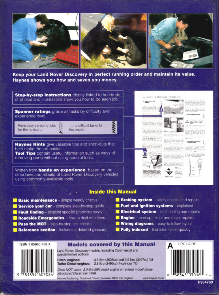 Posting for 17+ yearsHAYNES LAND ROVER DISCOVERY MANUAL 1989 - 1998 PETROL/DIESEL
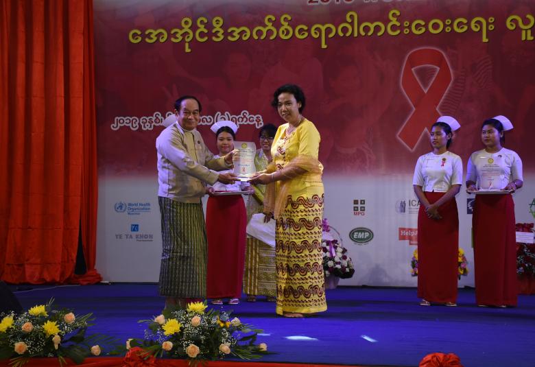 ယင်းနောက်၂၀၁၉ ခုနှစ်ကမ္ဘာ့ခုခံအားကျဆင်းမှု ကူးစက်ရောဂါတိုက်ဖျက်ရေးနေ့ အထိမ်းအမှတ် အဖြစ် HIV ကာကွယ်ရေးလုပ်ငန်းများတွင် တက်ကြွလှုပ်ရှားမှု ထူးချွန်ဆုရမြို့နယ်များအား လည်းကောင်း၊ အထက်တန်းအဆင့် စာစီစာကုံးပြိုင်ပွဲနှင့် အလယ်တန်းအဆင့် ပန်းချီပြိုင်ပွဲတို့တွင် ထူးချွန်ဆု ရကျောင်းသား/ကျောင်းသူများအား လည်းကောင်း၊ ဉာဏ်စမ်း ဗဟုသုတပြိုင်ပွဲများတွင် ထူးချွန်ဆုရ မိခင်နှင့် ကလေးစောင့်ရှောက်ရေးအသင်းဝင်များနှင့် အခြေခံကျန်းမာရေး ဝန်ထမ်းများအား လည်းကောင်း၊ ပညာပေးပြခန်း အကောင်းဆုံးပြင်ဆင်နိုင်မှုဆုအား လည်းကောင်း ချီးမြှင့်ပေးခဲ့ကြသည်။ ထို့နောက် PUAMI Theme Song ဖြင့် ဖျော်ဖြေခဲ့သည်။
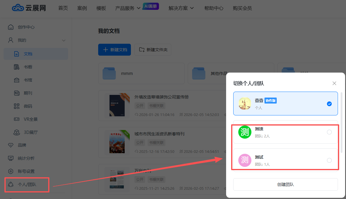 點擊【個人/團隊】,點擊已創(chuàng)建好的團隊打開。
---------------
- PROBLEM DETAILS -
In the reply, every line of the material above is to be reproduced verbatim, and the images are to be left out.

- RESULT BELOW -
 Posting for 17+ yearsHAYNES LAND ROVER DISCOVERY MANUAL 1989 - 1998 PETROL/DIESEL
 ယင်းနောက်၂၀၁၉ ခုနှစ်ကမ္ဘာ့ခုခံအားကျဆင်းမှု ကူးစက်ရောဂါတိုက်ဖျက်ရေးနေ့ အထိမ်းအမှတ် အဖြစ် HIV ကာကွယ်ရေးလုပ်ငန်းများတွင် တက်ကြွလှုပ်ရှားမှု ထူးချွန်ဆုရမြို့နယ်များအား လည်းကောင်း၊ အထက်တန်းအဆင့် စာစီစာကုံးပြိုင်ပွဲနှင့် အလယ်တန်းအဆင့် ပန်းချီပြိုင်ပွဲတို့တွင် ထူးချွန်ဆု ရကျောင်းသား/ကျောင်းသူများအား လည်းကောင်း၊ ဉာဏ်စမ်း ဗဟုသုတပြိုင်ပွဲများတွင် ထူးချွန်ဆုရ မိခင်နှင့် ကလေးစောင့်ရှောက်ရေးအသင်းဝင်များနှင့် အခြေခံကျန်းမာရေး ဝန်ထမ်းများအား လည်းကောင်း၊ ပညာပေးပြခန်း အကောင်းဆုံးပြင်ဆင်နိုင်မှုဆုအား လည်းကောင်း ချီးမြှင့်ပေးခဲ့ကြသည်။ ထို့နောက် PUAMI Theme Song ဖြင့် ဖျော်ဖြေခဲ့သည်။
 點擊【個人/團隊】,點擊已創(chuàng)建好的團隊打開。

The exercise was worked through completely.